Prognostic Value of Computed Tomography-Derived Extracellular Volume in TAVR Patients With Low-Flow Low-Gradient Aortic Stenosis

B Tamarappoo, D Han, D Berman et al. Keywords: aortic stenosis; computed tomography; extracellular volume; low-flow low-gradient; TAVR

ABSTRACT

OBJECTIVES - The association between extracellular volume (ECV) measured by computed tomography angiography (CTA) and clinical outcomes was evaluated in low-flow low-gradient (LFLG) aortic stenosis (AS) patients undergoing transcatheter aortic valve replacement (TAVR).
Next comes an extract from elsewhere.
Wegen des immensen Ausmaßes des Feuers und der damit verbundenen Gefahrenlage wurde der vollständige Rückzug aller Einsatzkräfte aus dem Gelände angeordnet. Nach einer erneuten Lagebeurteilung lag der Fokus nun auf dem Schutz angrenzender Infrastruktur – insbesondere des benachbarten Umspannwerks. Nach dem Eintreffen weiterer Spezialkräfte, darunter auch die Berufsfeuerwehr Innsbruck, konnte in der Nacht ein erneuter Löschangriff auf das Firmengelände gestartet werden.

BACKGROUND - Patients with LFLG AS comprise a high-risk group with respect to clinical outcomes. Although ECV, a marker of myocardial fibrosis, is traditionally measured with cardiac magnetic resonance, it can also be measured using cardiac CTA. The authors hypothesized that in LFLG AS, increased ECV may be associated with adverse clinical outcomes.
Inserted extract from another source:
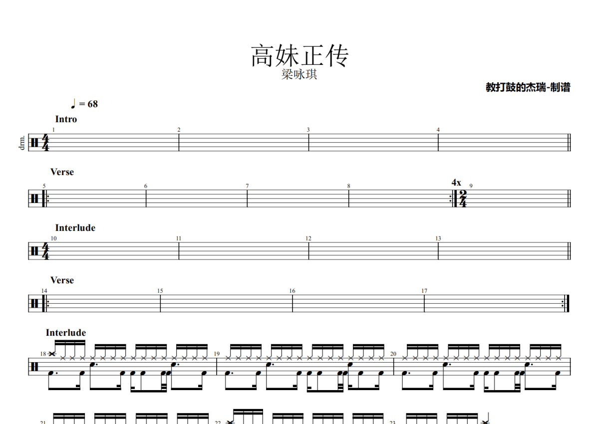 高妹正传鼓谱 - 梁咏琪 - 架子鼓谱

METHODS - In 150 LFLG patients with AS who underwent TAVR, ECV was quantified using pre-TAVR CTA. Echocardiographic and clinical information including all-cause death and heart failure rehospitalization (HFH) was obtained from electronic medical records. A Cox proportional hazards model was used to evaluate the association between ECV and death+HFH.
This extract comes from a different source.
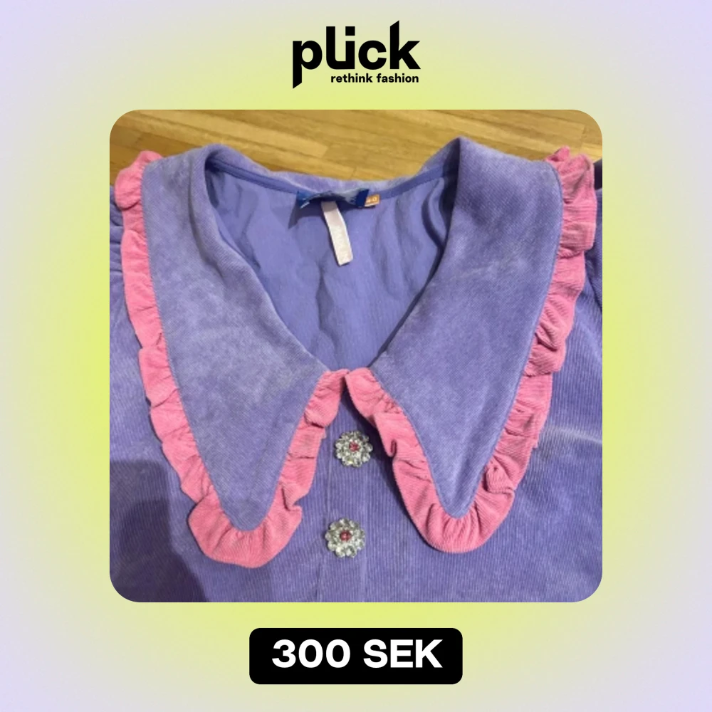 Manchester lila blus och ljusrosavolang runt kragen med fina knappar helt ny

RESULTS - During a median follow-up of 13.9 months (range 0.07 to 28.9 months), there were 31 death+HFH events (21%). Patients who experienced death+HFH had a greater median Society of Thoracic Surgery score (9.9 vs. 4.7; p < 0.01), lower left ventricular ejection fraction (42.3 ± 20.2% vs. 52.7 ± 17.2%; p < 0.01), lower mean transvalvular gradient (24.9 ± 8.9 mm Hg vs. 28.1 ± 7.3 mm Hg; p = 0.04) and increased mean ECV (35.5 ± 9.6% vs. 29.9 ± 8.2%; p < 0.01) compared with patients who did not experience death+HFH. In a multivariable Cox proportional hazards model, increase in ECV was associated with increase in death+HFH, (hazard ratio per 1% increase: 1.04, 95% confidence interval: 1.01 to 1.09; p < 0.01).


CONCLUSIONS - In patients with LFLG AS, CTA measured increase in ECV is associated with increased risk of adverse clinical outcomes post-TAVR and may thus serve as a useful noninvasive marker for prognostication.